* What is expected *
Among the lines below, some may contain the string "xiàn". Say how many do, and give nothing besides the number.

* Source material *
Content starts

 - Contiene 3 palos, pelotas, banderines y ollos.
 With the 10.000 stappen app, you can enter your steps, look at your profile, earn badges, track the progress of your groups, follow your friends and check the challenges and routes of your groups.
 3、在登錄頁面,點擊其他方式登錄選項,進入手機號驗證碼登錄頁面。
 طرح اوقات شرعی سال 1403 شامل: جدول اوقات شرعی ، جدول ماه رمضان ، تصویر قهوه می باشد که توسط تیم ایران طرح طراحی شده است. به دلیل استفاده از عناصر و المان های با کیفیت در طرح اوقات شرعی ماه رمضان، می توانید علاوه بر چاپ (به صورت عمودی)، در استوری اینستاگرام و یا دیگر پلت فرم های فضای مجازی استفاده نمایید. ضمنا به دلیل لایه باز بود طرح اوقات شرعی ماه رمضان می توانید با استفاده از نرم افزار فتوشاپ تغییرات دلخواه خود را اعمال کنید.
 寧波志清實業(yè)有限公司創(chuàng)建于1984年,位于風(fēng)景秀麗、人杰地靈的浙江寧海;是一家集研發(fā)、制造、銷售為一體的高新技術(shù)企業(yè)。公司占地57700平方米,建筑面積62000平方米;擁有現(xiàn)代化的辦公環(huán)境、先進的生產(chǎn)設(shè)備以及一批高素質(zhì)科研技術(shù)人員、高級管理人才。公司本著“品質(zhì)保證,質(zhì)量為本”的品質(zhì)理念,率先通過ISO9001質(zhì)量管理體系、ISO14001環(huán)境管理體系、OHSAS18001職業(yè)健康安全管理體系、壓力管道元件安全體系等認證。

Content ends
Content starts

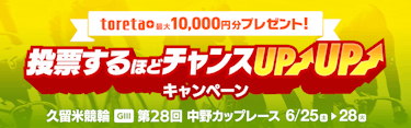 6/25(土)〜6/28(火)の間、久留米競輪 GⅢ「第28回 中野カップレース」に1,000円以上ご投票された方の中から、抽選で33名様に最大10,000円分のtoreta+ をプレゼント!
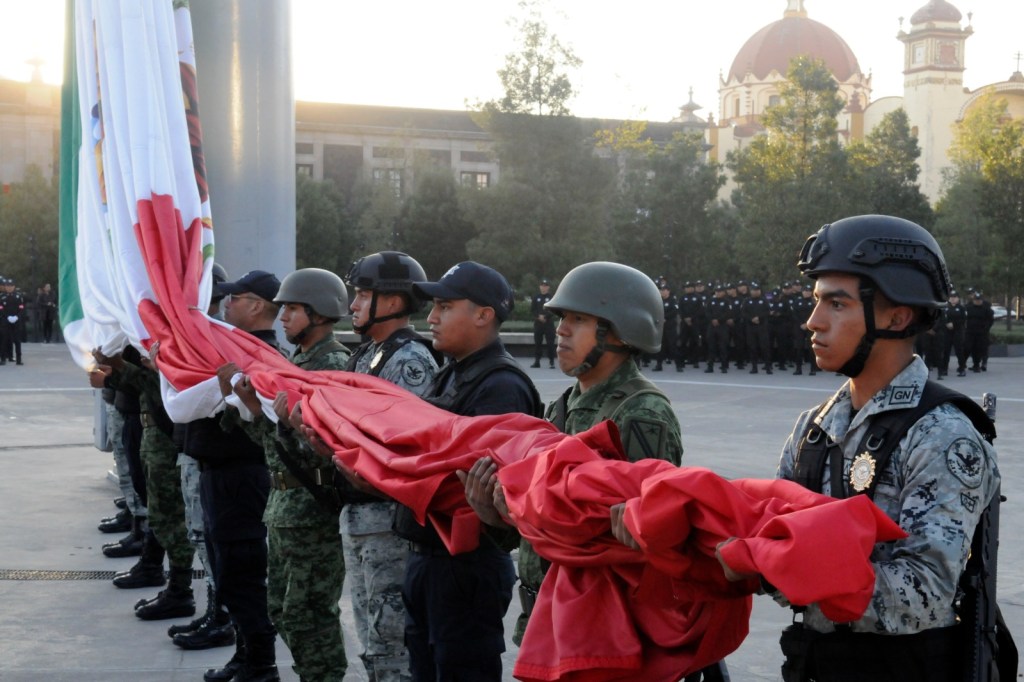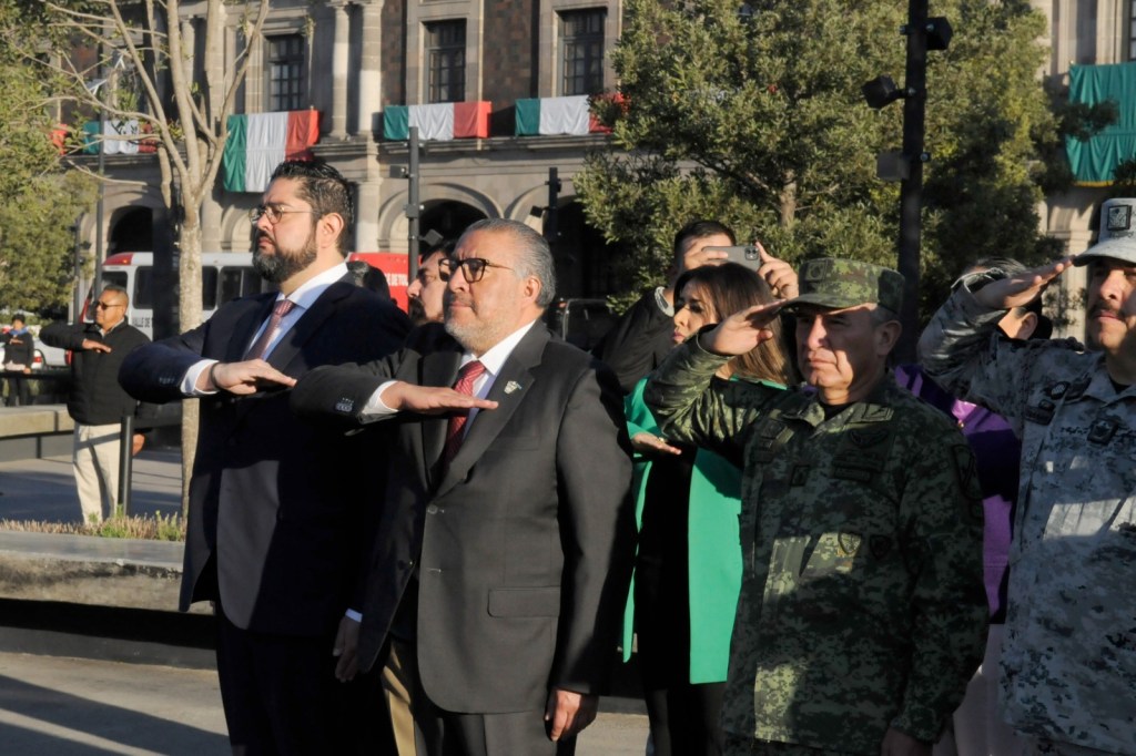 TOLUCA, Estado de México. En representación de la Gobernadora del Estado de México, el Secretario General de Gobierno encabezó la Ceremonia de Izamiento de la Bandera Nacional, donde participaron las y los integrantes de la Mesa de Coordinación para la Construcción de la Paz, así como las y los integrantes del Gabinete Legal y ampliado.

Content ends
Content starts

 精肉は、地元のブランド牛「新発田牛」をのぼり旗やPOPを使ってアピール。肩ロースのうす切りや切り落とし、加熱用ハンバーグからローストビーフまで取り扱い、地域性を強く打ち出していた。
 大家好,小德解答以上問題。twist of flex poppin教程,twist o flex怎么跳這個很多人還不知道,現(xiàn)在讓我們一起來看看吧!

Content ends

* Answer box *
2